Problem statement: Reproduce exactly the line with "[KRAFTON] 2021 크래프톤" and every line that follows it below, up to and including the last one. Do not include pictures or anything else.

Material provided:
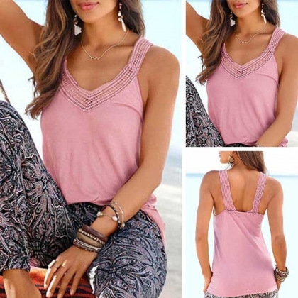This top comes with a sweet pink tone,with backless,v-neck and lace spliced design,this piece
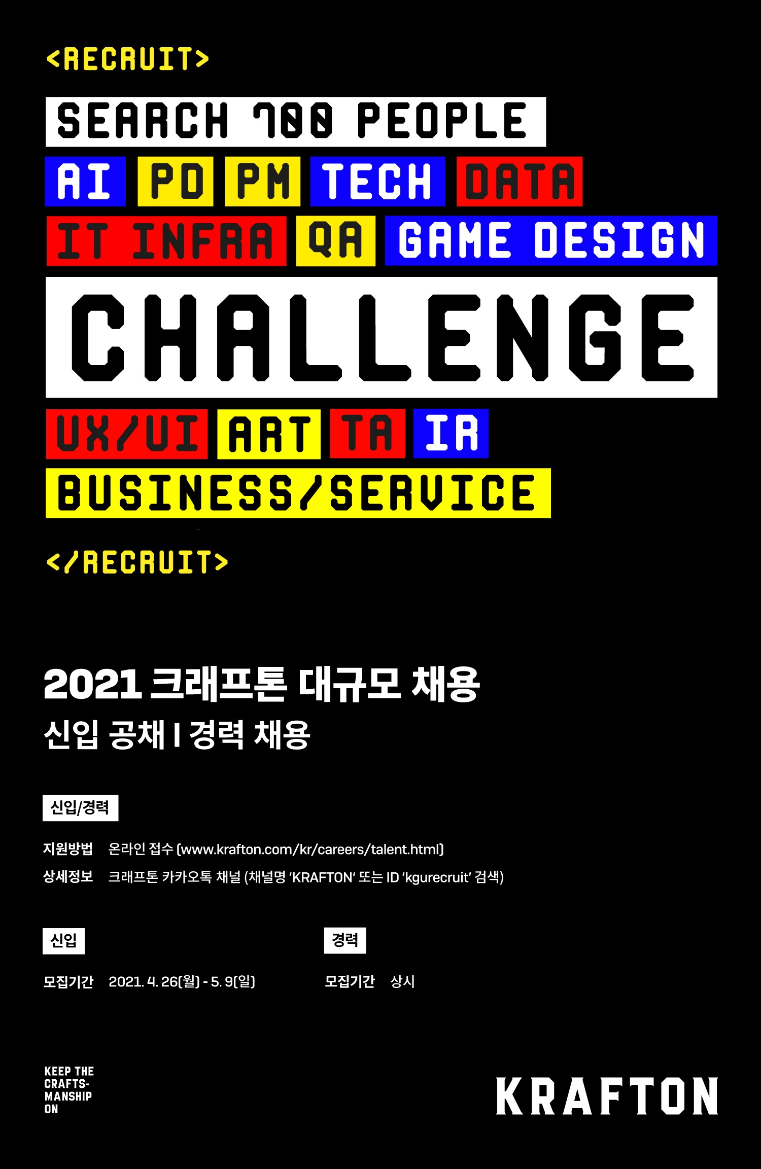 [KRAFTON] 2021 크래프톤 대규모 신입 공채 모집 안내 (~ 5/9) Hit 4770
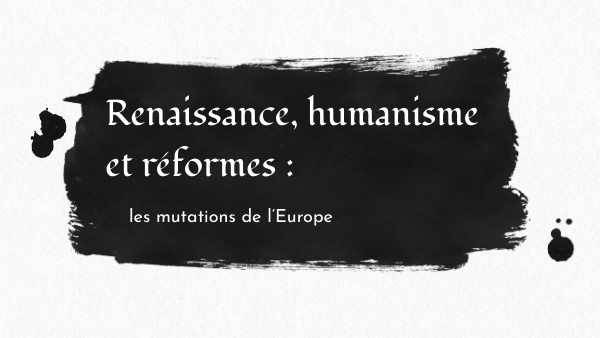 • Apparue au XVème siècle, la Renaissance est une période de renouvellement artistique qui trouve son origine dans un intérêt pour la pensée et les formes de l’Antiquité. // Un nouveau courant de pensée voit le jour : l’Humanisme : mouvement intellectuel qui se fonde sur des textes antiques et qui placent l’être humain et son bonheur au centre de leurs préoccupations.• Ces deux courants s’accompagnent au cours du XVIème siècle, de bouleversements religieux importants dans le cadre des réformes religieuses initiés par ceux qu’on appelle les protestants . • Problématique : En quoi les mutations intellectuelles, artistiques et religieuses des XVème et XVIème siècles transforment-elles profondément l’Europe ?

Answer to this problem:
 [KRAFTON] 2021 크래프톤 대규모 신입 공채 모집 안내 (~ 5/9) Hit 4770
 • Apparue au XVème siècle, la Renaissance est une période de renouvellement artistique qui trouve son origine dans un intérêt pour la pensée et les formes de l’Antiquité. // Un nouveau courant de pensée voit le jour : l’Humanisme : mouvement intellectuel qui se fonde sur des textes antiques et qui placent l’être humain et son bonheur au centre de leurs préoccupations.• Ces deux courants s’accompagnent au cours du XVIème siècle, de bouleversements religieux importants dans le cadre des réformes religieuses initiés par ceux qu’on appelle les protestants . • Problématique : En quoi les mutations intellectuelles, artistiques et religieuses des XVème et XVIème siècles transforment-elles profondément l’Europe ?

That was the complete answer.